# 78 K - Decent Salary



## AM (May 29, 2013)

Is 78 K a decent salary for a couple to live in Singapore ? Wife has the potential to get a job as well


----------



## beppi (Jun 10, 2013)

As always, it depends on what you define as decent.
Your offer is similar to the average income of a two-person household in Singapore, but you'll not be able to afford a car, maid and/or luxury apartment.


----------



## AM (May 29, 2013)

A decent upper middle class type living. Maid is ok. Car may be a bit later. not now. Also Car not immediately


----------



## simonsays (Feb 11, 2009)

AM said:


> A decent upper middle class type living. Maid is ok. Car may be a bit later. not now. Also Car not immediately


If you say a car is NEVER, and ok to live in a decent flat, minus swimming pool/gym etc, it is good

If you say otherwise, NOPE, it's not enough

As for how to get a job ? mmmm

You can read up on the past successes I guess


----------



## AM (May 29, 2013)

Thank you Simon. I am considering to take the offer.


----------



## marc.favroo (Jul 25, 2015)

Guys, I have a similar 'problem'... if I am earning around 80k SGD, how much do I expect to pay in tax? Also, when I was in Singapore 3 years ago on holiday I noticed food in groceries store is quite expensive - especially cheese, eggs and milk? Would you say it is cheap to buy food from shops and cook at home, or it makes sense to eat at hawker centres all the time?


----------



## BBCWatcher (Dec 28, 2012)

IRAS publishes a simple tax calculator here. It's the very first link.
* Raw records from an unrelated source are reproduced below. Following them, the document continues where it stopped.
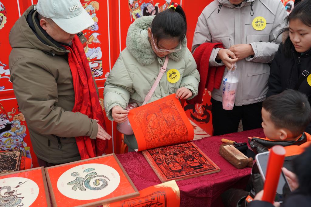 活动现场先后举办乙巳年新春祈福礼、乙巳年新春宴飨礼两项活动,庆祝蛇年新春。此外,面花面塑、木版年画、窗花剪纸、传统茶戏、威风锣鼓等多种充满年味的非遗展演和互动体验活动,2月1日起在景区内开展。不少家长带领小朋友在活动现场尝试印制木版年画、制作瓦当拓印。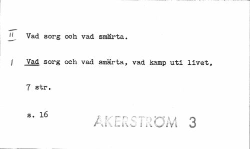 //// Vad sorg och vad smärta. / Vad sorg och vad smärta, vad kamp uti livet, 7 str. //// s. 16 r. |/pr CT?) J^fi i Q //// j t 'i w i V i O ////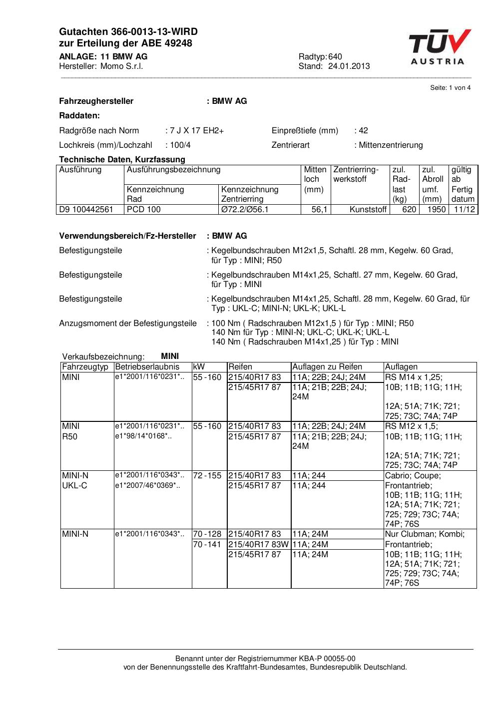 Felgengutachten / ABE für Alufelgen Momo EUROPE (7Jx17 ET 0, Mittenloch 0 mm) mit KBA 49248 (Zertifikatsnummer 366-0013-13-WIRD__Anlage_11). Hier kostenlos als PDF herunterladen. Der Download-Link ist 24 Stunden gültig und kann bis zu zwei Mal verwendet werden.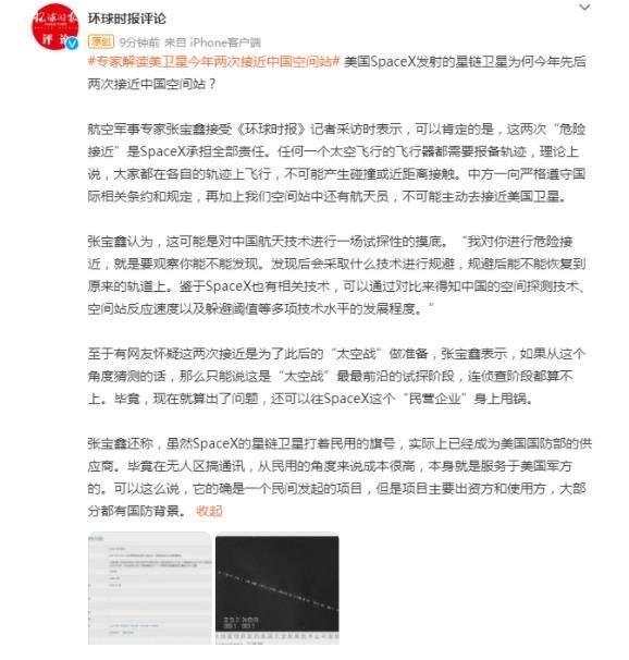 #專家解讀美衛(wèi)星今年兩次接近中國空間站# 美國SpaceX發(fā)射的星鏈衛(wèi)星為何今年先后兩次接近中國空間站?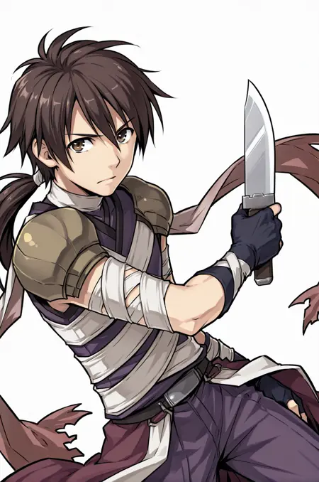 프롬프트: assROMale, 붕대, 어깨판, 어깨 갑옷, 손가락 없는 장갑, 소매 없는 보라색 셔츠, 찢어진 스카프, 허리 망토, 바지, 부츠,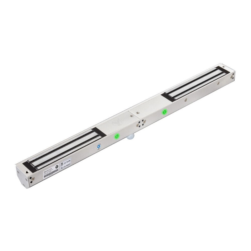 YM-280ISD(LED) – накладний електромагнітний замок для двостулкових дверей з ІЧ-датчиком руху, світловою індикацією, таймером затримки на 0,3,6,9 сек та датчиком стану замка, із силою утримання до 280*2 кг на відрив. Є сухі контакти для визначення стану замка (NO,NC,COM).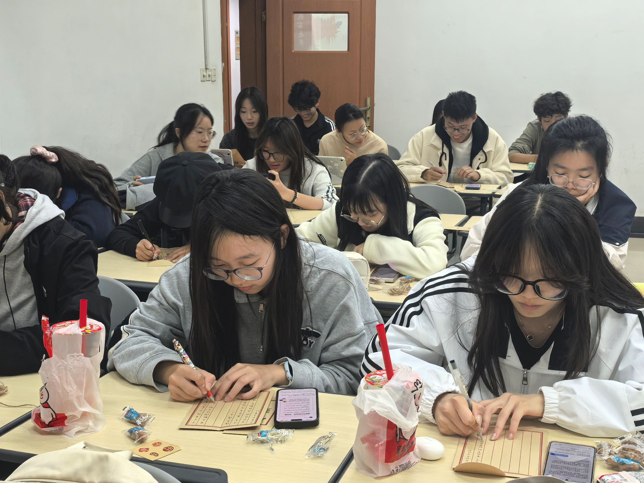 接下来,活动还特别设置了“纸短情长”与“贺卡寄情”环节,同学们现场给家中的长辈撰写了深情的家书,信中的一字一笔尽显对长辈的感恩与思念;同时,大家亲手制作贺卡,向退休教师送上最诚挚的祝福。这个环节彰显了中华民族爱老敬老的传统美德,让大家对重阳节的文化内涵有了更深的理解。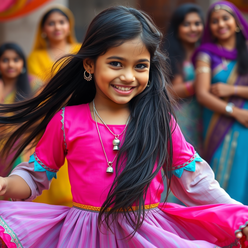 A young Indian girl twirls with abandon, her bright pink and turquoise dress shimmering as the fabric flows behind her. A delicate silver necklace with tiny bells and a tiny turquoise charm catches the light, adding a whimsical touch to her vibrant traditional attire. Her long, raven-black hair cascades down her back like a waterfall, its dark locks contrasting beautifully with the bright colors of her outfit. Her face is alight with an infectious grin, her eyes sparkling with delight as she loses herself in the music and rhythm of the celebration. The background is a soft blur of colorful fabrics and smiling faces, but the focus remains firmly on the girl's carefree joy and dance.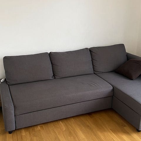 Äldre bäddsoffa. Enstaka märke i tyget.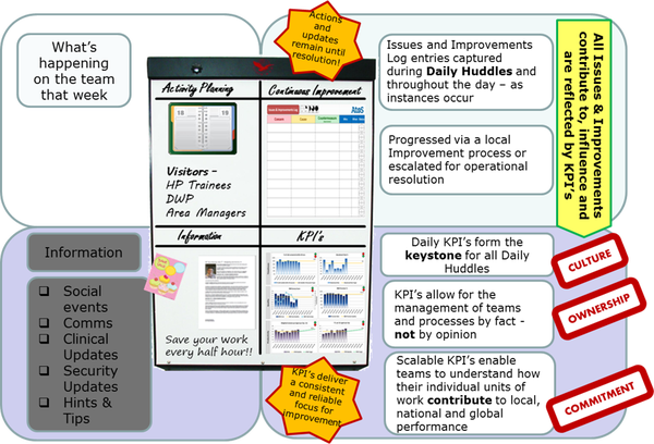 1. Ежедневные встречи (Daily Huddles) для поддерживания коммуникации внутри команды, определения возможностей для улучшений и обзора производительности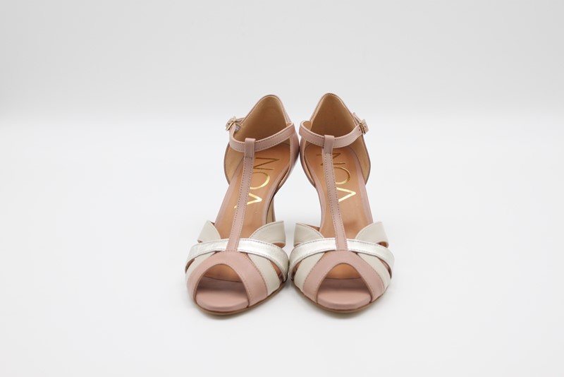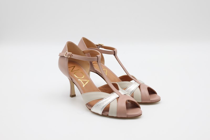 Scarpa tango in pelle. Cinturino regolabile alla caviglia Colore Nude/mikl/platino Made in Italy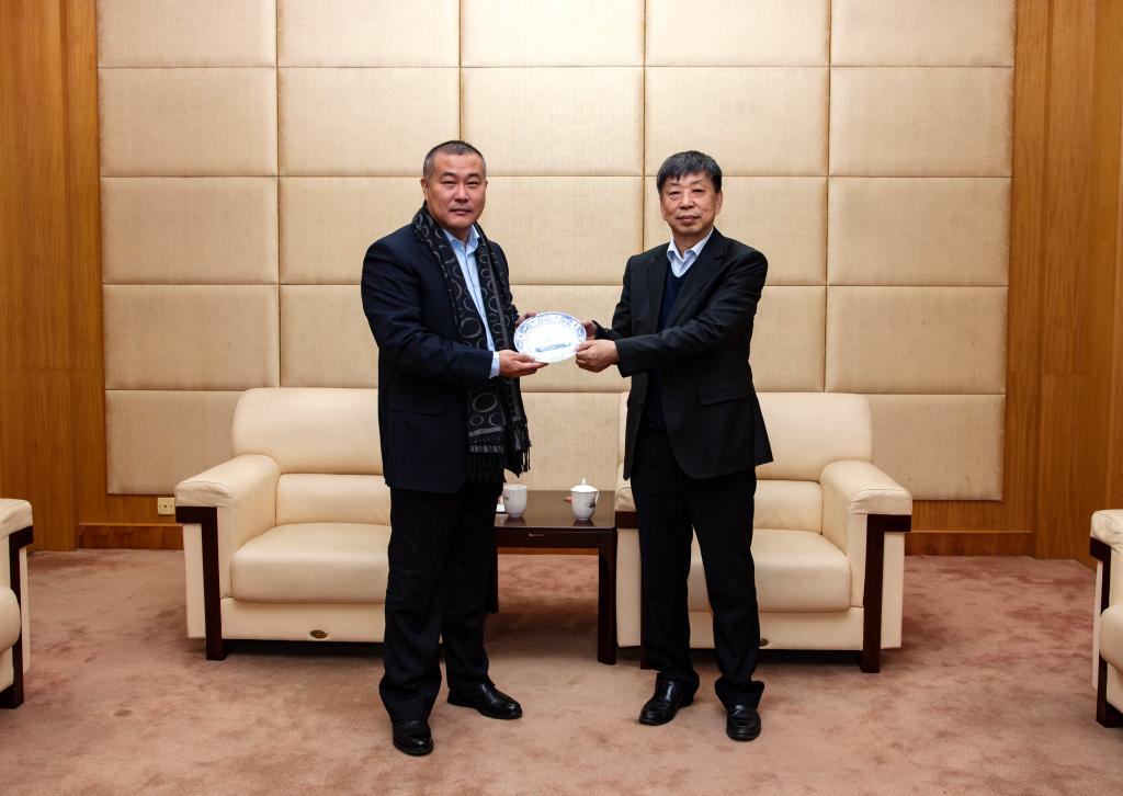 报告会前,副校长袁德成在校部第二会议室会见了张连帅董事长。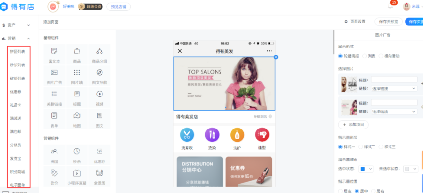 除此之外,还有很多其他营销工具可供选择,像分销、砍价、会员卡、积分商城等等,商家可根据店铺情况灵活设置。

As with any place you live if you try to import an "alien" diet you will pay more. There aren't many dairy cows and chickens in Singapore, though I don't find dairy products and eggs (especially) to be _particularly_ expensive. For example, boxed UHT milk is routinely S$2.95 per pair -- about S$1.50 per liter -- at FairPrice these days, and I'd say that's not bad. Eggs are about S$0.20 each. Cheese starts about S$18 per kilo and goes up from there. Hawker markets aren't serving milk and cheese very often (eggs yes), so there is no real comparison.


----------



## juyyo (Aug 19, 2015)

is it monthly or annual package? if annual -> it is reasonably average.


----------